In 2004 a melody motif was plucked from a Yamaha SY77 towards the end of an unproductive studio session. It sent me off down a rabbit hole of feeling the loss that comes from failing to communicate important things; or be heard. I wrote Lost In Space in two hours. A short play about a satellite fix it guy who has an emotional breakdown on the job and decides not to return home. I called him Larry. The next day I recorded a blue print for the voices and with my sound production partner Jack Henney (Cargo77), we assembled all the sound particles. I wanted it to feel like a warm, supportive hand on the shoulder when the ship is going down and you need a strong friend. Not too cute. Not too sad. Just present.

I asked Rufus Dean, a close childhood friend to play the parts of both Jim and Joe the jaded ground control.

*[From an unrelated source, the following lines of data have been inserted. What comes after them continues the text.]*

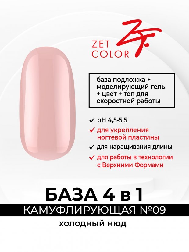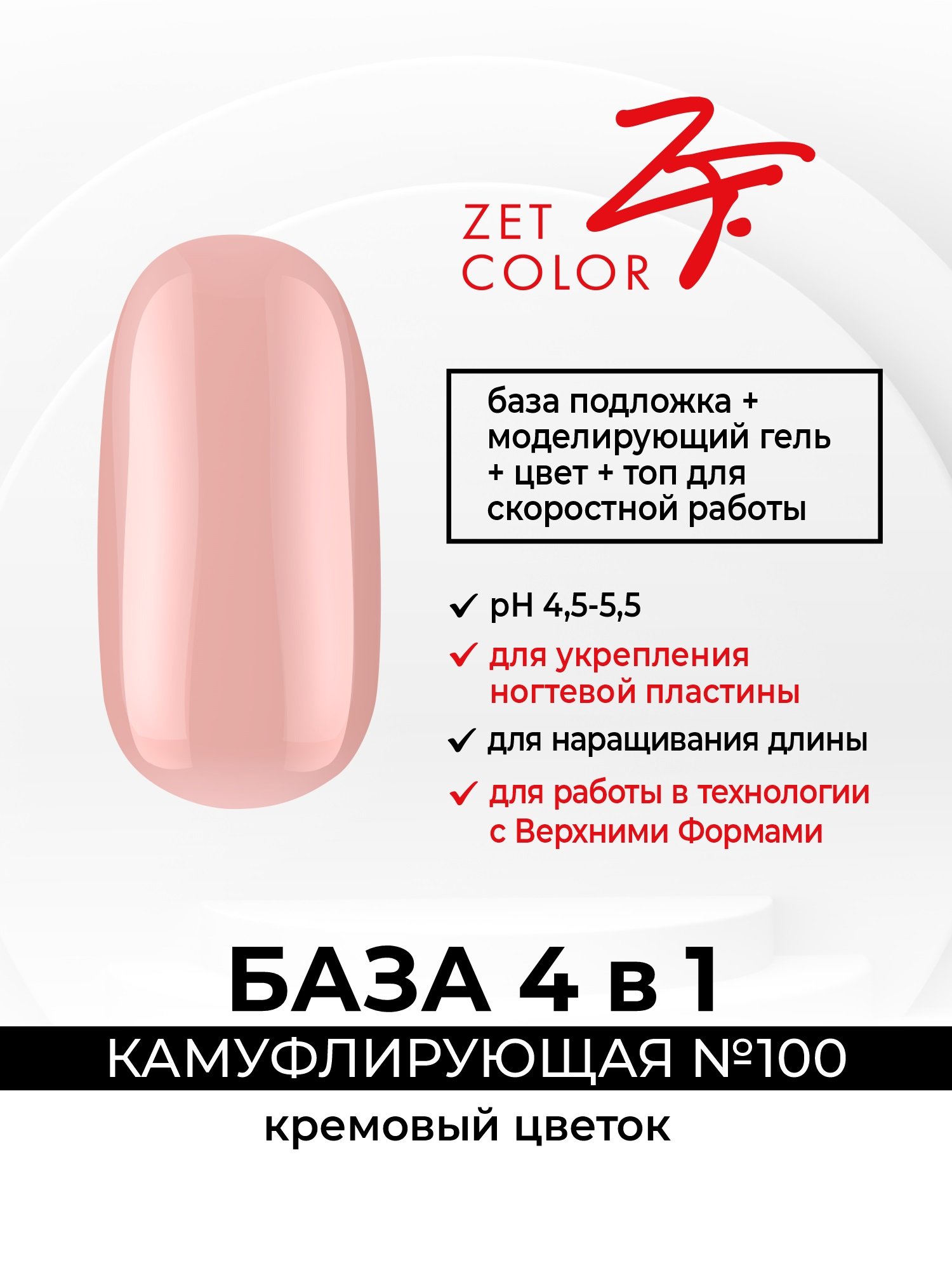 Описание Zet Color База камуфлирующая 4 в 1, 15 мл (№100 Кремовый цветок)
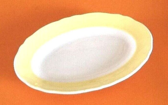 Années 1950  Ravier de service en Faïence Jaune / Blanche
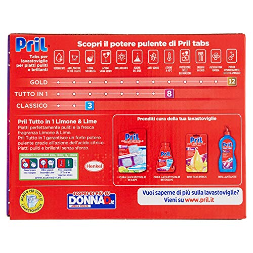 Contenuto confezione - Pril Tutto in 1 Limone & Lime, tab lavastoviglie sapone piatti con 8 azioni, attiva già a 40°, contro ogni sporco, confezione da 26 tabs
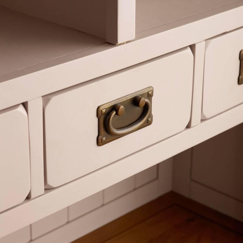Tủ chén cao Kemble gỗ sồi loại lớn là sản phẩm nổi bật trong bộ sưu tập Kemble hiện đại. Nó mang đến một cái nhìn mộc mạc và sang trọng cho không gian nội thất phòng ăn của gia đình. Tủ được làm từ chất liệu gồi sồi trắng Mỹ nhập khẩu với nền sơn trắng xám dịu nhẹ, toát lên vẻ đẹp thanh lịch và sang trọng cho nội thất của căn phòng. Thiết kế với 3 ngăn tủ rộng rãi và các ngăn kéo lớn nhỏ cực kì chắc chắn có thể đáp ứng một lượng lưu trữ của cả gia đình. Ngoài ra, các ngăn kệ bên trên sẽ là nơi hoàn hảo để trưng bày các vật dụng như chén bát, đồ gốm sứ... Mặt kệ giữa sẽ là nơi để sắp xếp và bày biện những món ăn ngon cho một bữa tiệc thịnh soạn.
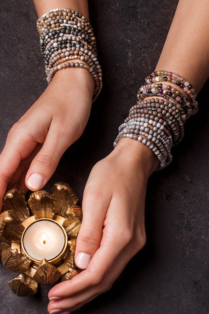 Tap into the energies of the earth. Semi precious gemstones adorn wrist & neckline. Effortlessly converts from bracelet to necklace. Can be wrapped 4-5 times as a bracelet and 1-2 times as a necklace.
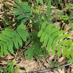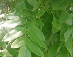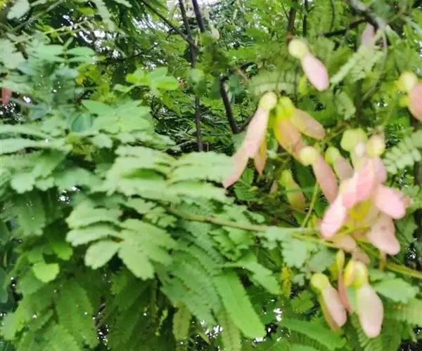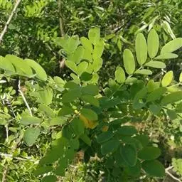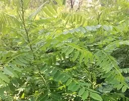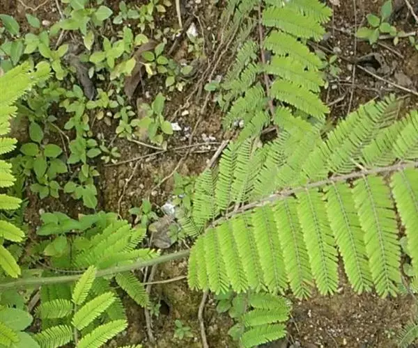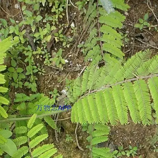 多为小叶。完整的叶为二回羽状复叶,羽片20-28个,每羽片有小叶20-30片,皱缩。湿润展平后小叶片椭圆形,微偏斜,长约1cm,宽3-4mm,先端钝圆而微凹,基部斜圆形,全缘,主脉明显。绿色或枯绿色。质脆,气微。
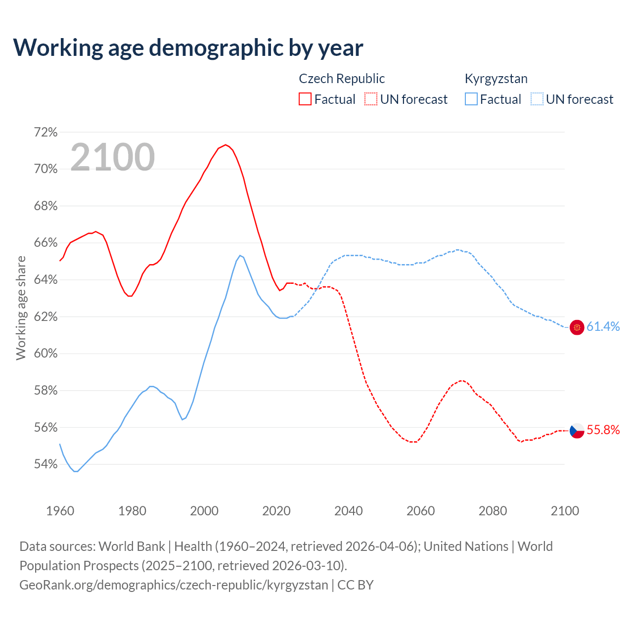 - The Czech Republic has 6.79M working age adults (aged 15-64) vs 4.63M in Kyrgyzstan.
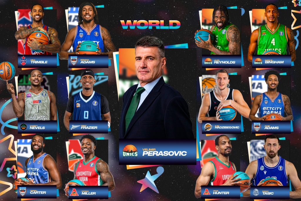 World Stars: Patrick Miller (Lokomotiv Kuban), Jalen Adams (BETCITY PARMA), Alen Hadzibegovic (Avtodor), Terrell Carter (BETCITY PARMA), Melo Trimble (CSKA), Brandon Adams (BETCITY PARMA), Marcus Bingham (UNICS), Jalen Reynolds (UNICS), Danilo Tasic (Enisey), Vince Hunter (Lokomotiv Kuban), Garrett Nevels (Uralmash), Trent Frazier (Zenit)
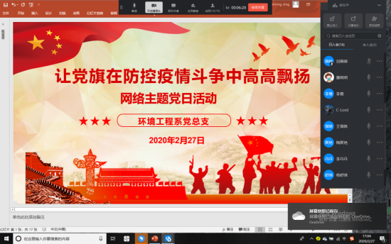为充分发挥党员先锋模范作用,确保学院疫情防控工作有序开展,环境工程系党总支所属支部于2020年2月27日下午通过钉钉直播平台,开展“让党旗在防控疫情斗争中高高飘扬”网络主题党日活动。
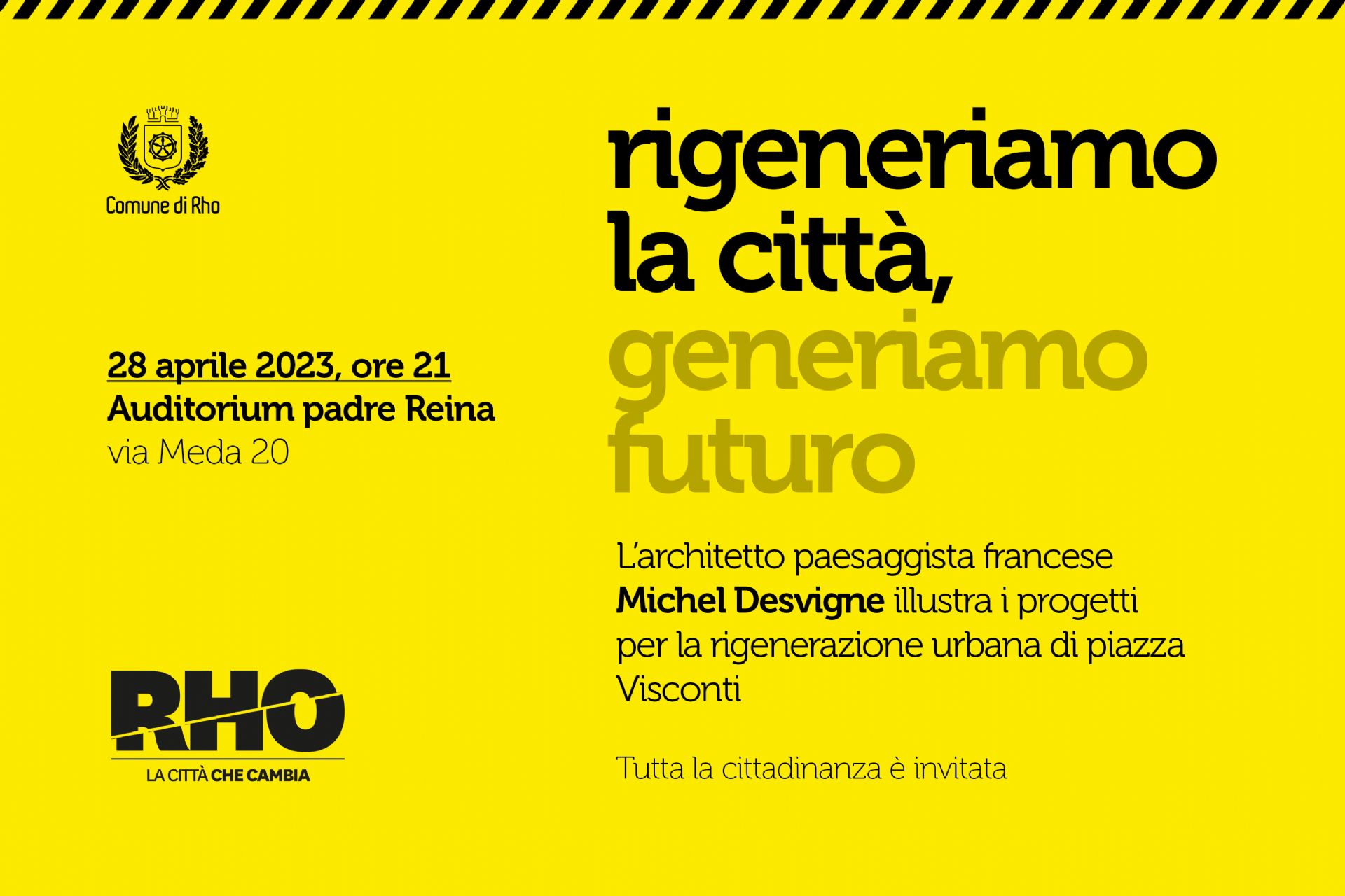 Durante la serata, Desvigne illustrerà il progetto per la rigenerazione urbana di piazza Visconti, uno dei progetti di “Rho la città che cambia”, finanziati con fondi del PNRR - Piano nazionale di ripresa e resilienza. La cittadinanza è invitata a partecipare, in un’ottica di piena condivisione delle iniziative dell’Amministrazione comunale.

Later on he would become the 70s Italian soft porn voice of Radiostudio79.  I wrote a handwritten letter to Jack Henney's dad, Del Henney, asking if he would consider playing the part of Larry's father. Del Henney is best known for playing Colonel Archer in Docter Who's Resurrection Of The Daleks and his role as Charlie Venner, the rapist in Sam Peckinpah’s Straw Dogs (1971). I was extremely pleased he agreed to do it. I voiced both the parts of Larry's abandoned wife and the ships sentient intelligence system.

It took six weeks to get to a point where we both felt it was a completed piece of audio work. Then it just sat there. It sat there for ten years. Not quite knowing if it belonged anywhere. I moved in with a french guy. I moved out. I fell in love with a musician. I cried a lot. I turned forty. I drank too much. Sometimes I would play it for guests who had come for dinner. Where was Larry?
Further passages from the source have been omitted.